### How to complete this task:
Please repeat, from the entries that follow, the lines from the one containing "PinFolio mediano de" through the one containing "This image captures" exactly, adding nothing.

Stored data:
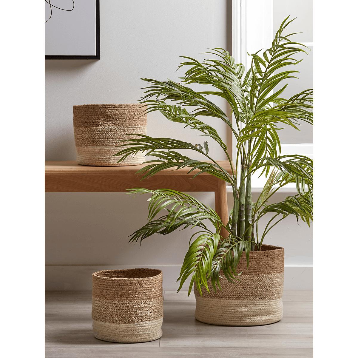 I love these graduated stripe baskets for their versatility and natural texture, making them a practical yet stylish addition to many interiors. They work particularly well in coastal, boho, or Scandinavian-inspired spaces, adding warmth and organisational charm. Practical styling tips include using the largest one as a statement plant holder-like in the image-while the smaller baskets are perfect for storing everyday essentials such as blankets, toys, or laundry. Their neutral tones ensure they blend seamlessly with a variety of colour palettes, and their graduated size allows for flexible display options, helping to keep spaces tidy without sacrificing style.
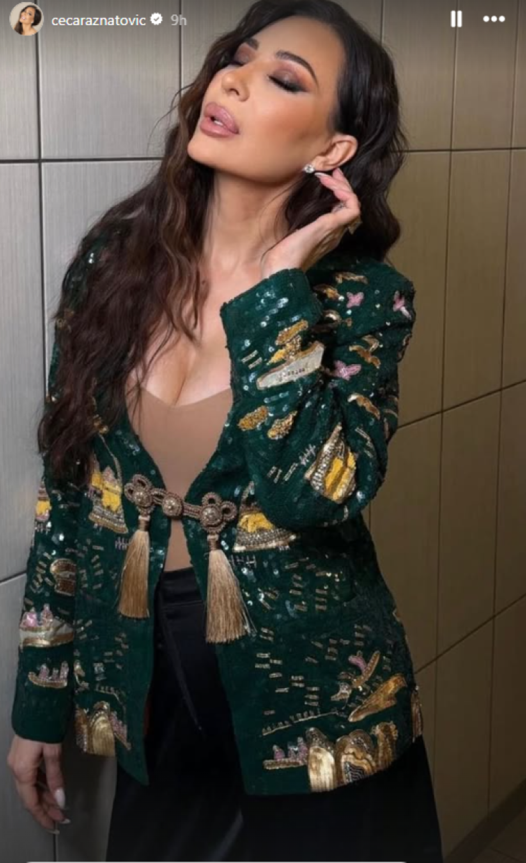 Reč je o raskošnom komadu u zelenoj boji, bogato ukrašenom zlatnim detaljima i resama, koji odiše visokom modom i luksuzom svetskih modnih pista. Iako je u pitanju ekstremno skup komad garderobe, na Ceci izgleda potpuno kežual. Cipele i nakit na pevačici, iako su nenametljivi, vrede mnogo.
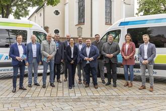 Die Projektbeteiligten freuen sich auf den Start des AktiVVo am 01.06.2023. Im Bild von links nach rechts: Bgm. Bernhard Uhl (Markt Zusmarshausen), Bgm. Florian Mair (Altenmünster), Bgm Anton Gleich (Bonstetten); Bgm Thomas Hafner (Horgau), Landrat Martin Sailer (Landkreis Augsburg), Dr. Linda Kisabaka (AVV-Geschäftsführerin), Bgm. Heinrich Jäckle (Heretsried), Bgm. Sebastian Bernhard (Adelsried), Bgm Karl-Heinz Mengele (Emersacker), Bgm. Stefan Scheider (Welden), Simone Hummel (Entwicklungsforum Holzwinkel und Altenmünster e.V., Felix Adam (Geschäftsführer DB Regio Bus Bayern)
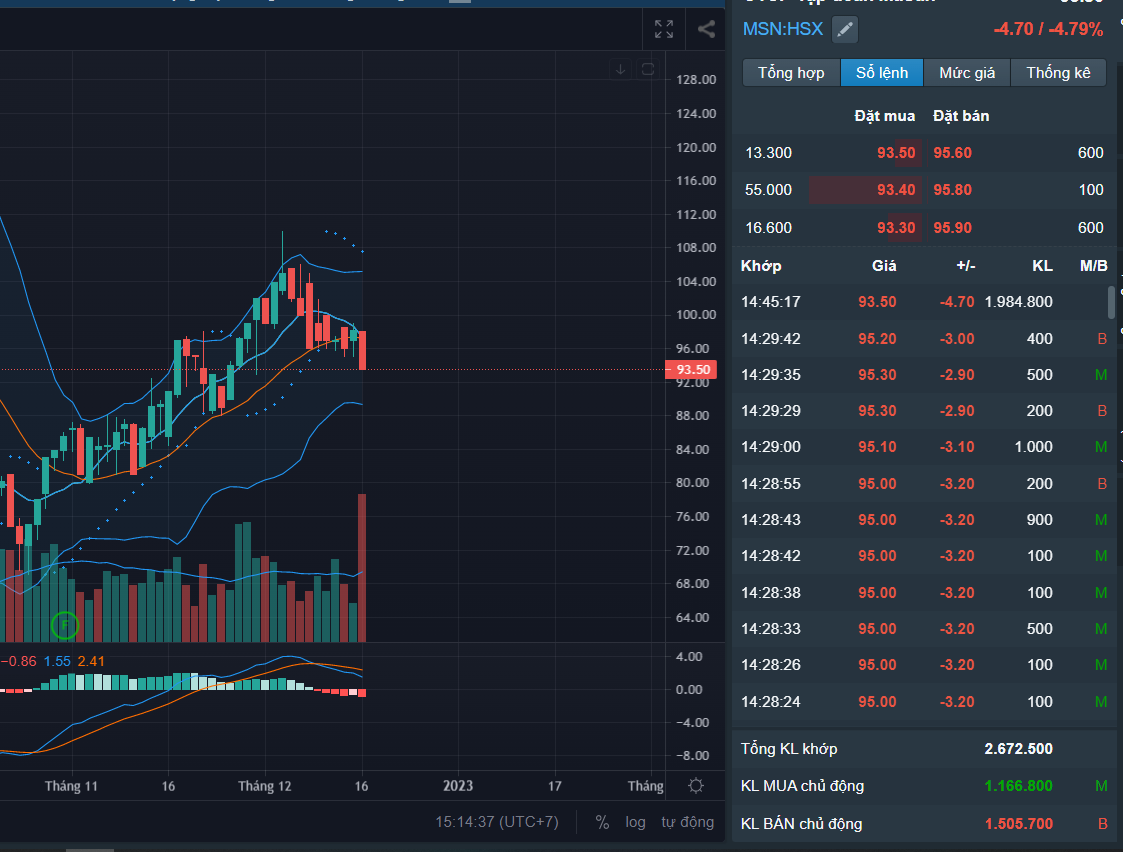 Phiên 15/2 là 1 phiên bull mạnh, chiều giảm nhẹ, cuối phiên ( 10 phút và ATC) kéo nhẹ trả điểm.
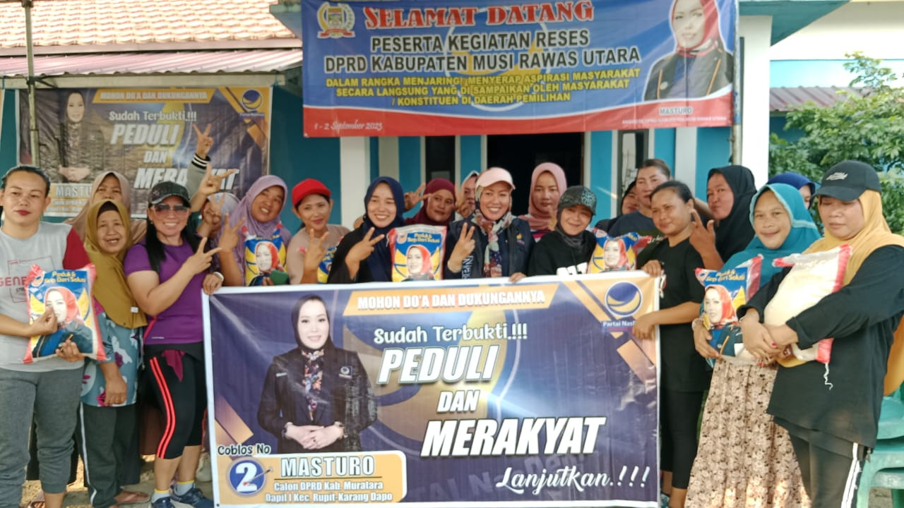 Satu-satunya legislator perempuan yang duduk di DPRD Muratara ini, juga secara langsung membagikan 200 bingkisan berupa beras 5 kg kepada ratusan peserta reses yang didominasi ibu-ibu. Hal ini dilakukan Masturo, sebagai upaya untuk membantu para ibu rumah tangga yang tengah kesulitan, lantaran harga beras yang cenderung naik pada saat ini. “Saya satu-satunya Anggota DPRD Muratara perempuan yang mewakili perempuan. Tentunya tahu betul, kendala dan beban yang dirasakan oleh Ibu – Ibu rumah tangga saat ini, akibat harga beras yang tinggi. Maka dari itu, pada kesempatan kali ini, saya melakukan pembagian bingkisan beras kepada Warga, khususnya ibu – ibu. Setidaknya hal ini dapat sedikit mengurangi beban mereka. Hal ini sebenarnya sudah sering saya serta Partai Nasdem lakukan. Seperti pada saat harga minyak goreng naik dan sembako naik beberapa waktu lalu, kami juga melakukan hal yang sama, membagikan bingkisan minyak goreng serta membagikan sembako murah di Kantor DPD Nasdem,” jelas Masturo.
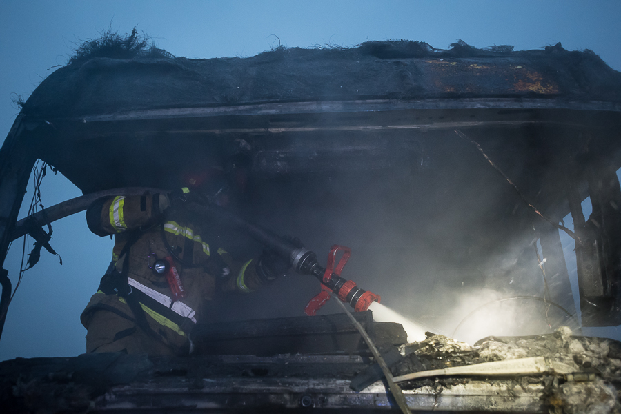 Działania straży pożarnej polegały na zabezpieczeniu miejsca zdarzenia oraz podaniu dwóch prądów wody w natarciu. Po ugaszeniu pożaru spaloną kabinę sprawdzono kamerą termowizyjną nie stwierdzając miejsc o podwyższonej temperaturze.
* * *
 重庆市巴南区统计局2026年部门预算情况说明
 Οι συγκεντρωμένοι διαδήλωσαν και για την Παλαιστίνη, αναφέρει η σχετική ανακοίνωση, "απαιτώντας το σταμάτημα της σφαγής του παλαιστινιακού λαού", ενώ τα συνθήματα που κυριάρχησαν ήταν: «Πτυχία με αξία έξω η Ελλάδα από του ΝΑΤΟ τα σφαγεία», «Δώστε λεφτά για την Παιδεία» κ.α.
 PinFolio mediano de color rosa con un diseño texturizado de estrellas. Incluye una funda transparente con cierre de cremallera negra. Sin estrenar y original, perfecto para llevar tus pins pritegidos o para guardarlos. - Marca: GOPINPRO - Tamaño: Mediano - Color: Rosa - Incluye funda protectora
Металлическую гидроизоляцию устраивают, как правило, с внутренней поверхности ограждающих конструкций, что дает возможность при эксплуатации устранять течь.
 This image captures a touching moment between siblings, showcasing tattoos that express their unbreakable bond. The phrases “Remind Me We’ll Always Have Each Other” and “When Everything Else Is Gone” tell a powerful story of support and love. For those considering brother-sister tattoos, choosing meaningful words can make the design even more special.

### Task output:
 PinFolio mediano de color rosa con un diseño texturizado de estrellas. Incluye una funda transparente con cierre de cremallera negra. Sin estrenar y original, perfecto para llevar tus pins pritegidos o para guardarlos. - Marca: GOPINPRO - Tamaño: Mediano - Color: Rosa - Incluye funda protectora
Металлическую гидроизоляцию устраивают, как правило, с внутренней поверхности ограждающих конструкций, что дает возможность при эксплуатации устранять течь.
 This image captures a touching moment between siblings, showcasing tattoos that express their unbreakable bond. The phrases “Remind Me We’ll Always Have Each Other” and “When Everything Else Is Gone” tell a powerful story of support and love. For those considering brother-sister tattoos, choosing meaningful words can make the design even more special.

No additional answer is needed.